I toyed with the idea of making a one page summary of all the arguments one can make that Augustine was not a Florentine Filioquist, but rather Orthodox in his Pneumatology. However, I have a fear of having more concise arguments, without their rationales and prooftexts, misused and quoted out of context. So, perhaps after my booklet-length treatment of the topic makes its rounds and people start grasping its arguments, I may at that point make something more concise. For now, I commend readers to seriously dig through Augustine and try to really understand the logic of the arguments I am making.
I do want to make the following comments, in no particular order. They will not make sense without reading everything I wrote, so they will only edify those who have actually read all the articles:
I am not going to be like David Bentley Hart and hide behind some lame excuse like all of this was a “thought experiment.” I can very well be wrong, I am a fallible human being. I submit to the teaching of the Church and as best as I understand it, Augustine is teaching that teaching and not the teaching of Florence.
I think it helps to compare and contrast the images of the procession of the Spirit according to Thomas Aquinas:
And the images brought forth by Augustine:
As one can tell, they are communicating two different things. Ironically, neither posit a “triangle,” which is the illustration usually devised by Roman Catholics as well as Orthodox in explaining their views. If anything, Augustine’s illustration is a sort of circle, where the Son is begotten as a separate action as the Spirit’s procession from the Father, and both actions complete when they meet each other.
I think it is clear to any observer that the preceding illustration is Orthodox and not Roman Catholic.
On another note, allow me to admit a bias. I would much rather read a saint as consistent with other saints than at odds with them. As an Orthodox Catholic Christian, the only saints I share with Roman Catholics are pre-schism. So, we do not share Aquinas, obviously.
People need to come to grips with the fact that Augustine’s theological enemies were not Eastern Orthodox, but Arians. So, if he is constantly reaffirming the Filioque, one must ask, “Why?” The answer is obvious. The Filioque conveys that the Father and Son share the divine essence. It disproves the Arians. The battleground was more over Christ than over the Holy Spirit.
Augustine’s concern with the temporal procession is surprising to those who are not taking the preceding into account. He constantly reaffirms the Filioque pertains to the temporal procession and only in a couple passages such as Book V Par 15 and Book XV Par 45-48 does Augustine really seem to try to get into the eternal ramifications of the Filioque.

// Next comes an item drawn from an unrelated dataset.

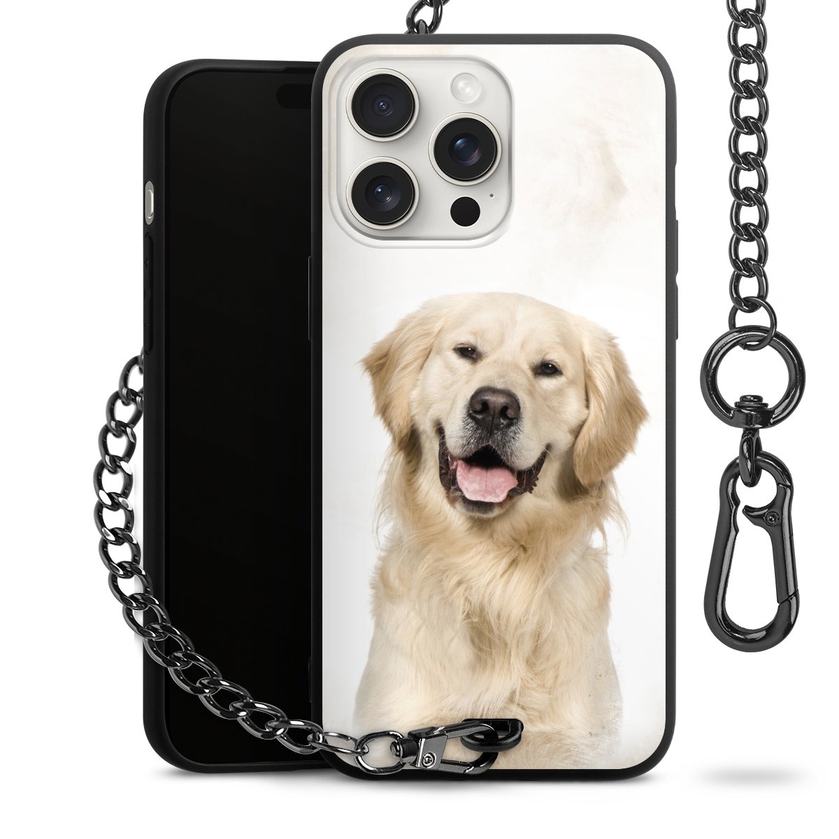 • Mattschwarze Handyhülle mit Metallkette

But even then he just as easily drops the topic and retreats to the concept of the temporal procession.
I speculate that Augustine saw the temporal procession as indicative of the eternal procession. It is indicative inasmuch as it preserved the relational differences that Augustine surmised eternally existed. For example, when the Son gives the Gift of the Holy Spirit to man, this conveys that the Son shares the essence of the Father, in that they both give the Gift. Yet, in Book IV, Par 29, Augustine is clear that the Gift is from the Father and not the Son. Because we are so obsessed with the Florentine doctrine, we do not realize that the Filioque in such a context actually proves that the Father is the sole cause of the Spirit. Every time Augustine is affirming procession from the Son, he is literally affirming that the Father is the sole cause of the Spirit.
Why didn’t I make an illustration for the whole Gift thing? I never crudely made one simply because Augustine does not really give us a cogent way of understanding it. Augustine affirms the Father was eternally Gift Giver and the Spirit eternally the Gift from the Gift Giver. What exactly is the Son? We know He gives the Gift temporally and that He eternally shares this with the Father. Yet, Augustine rejects the Gift is properly from the Son.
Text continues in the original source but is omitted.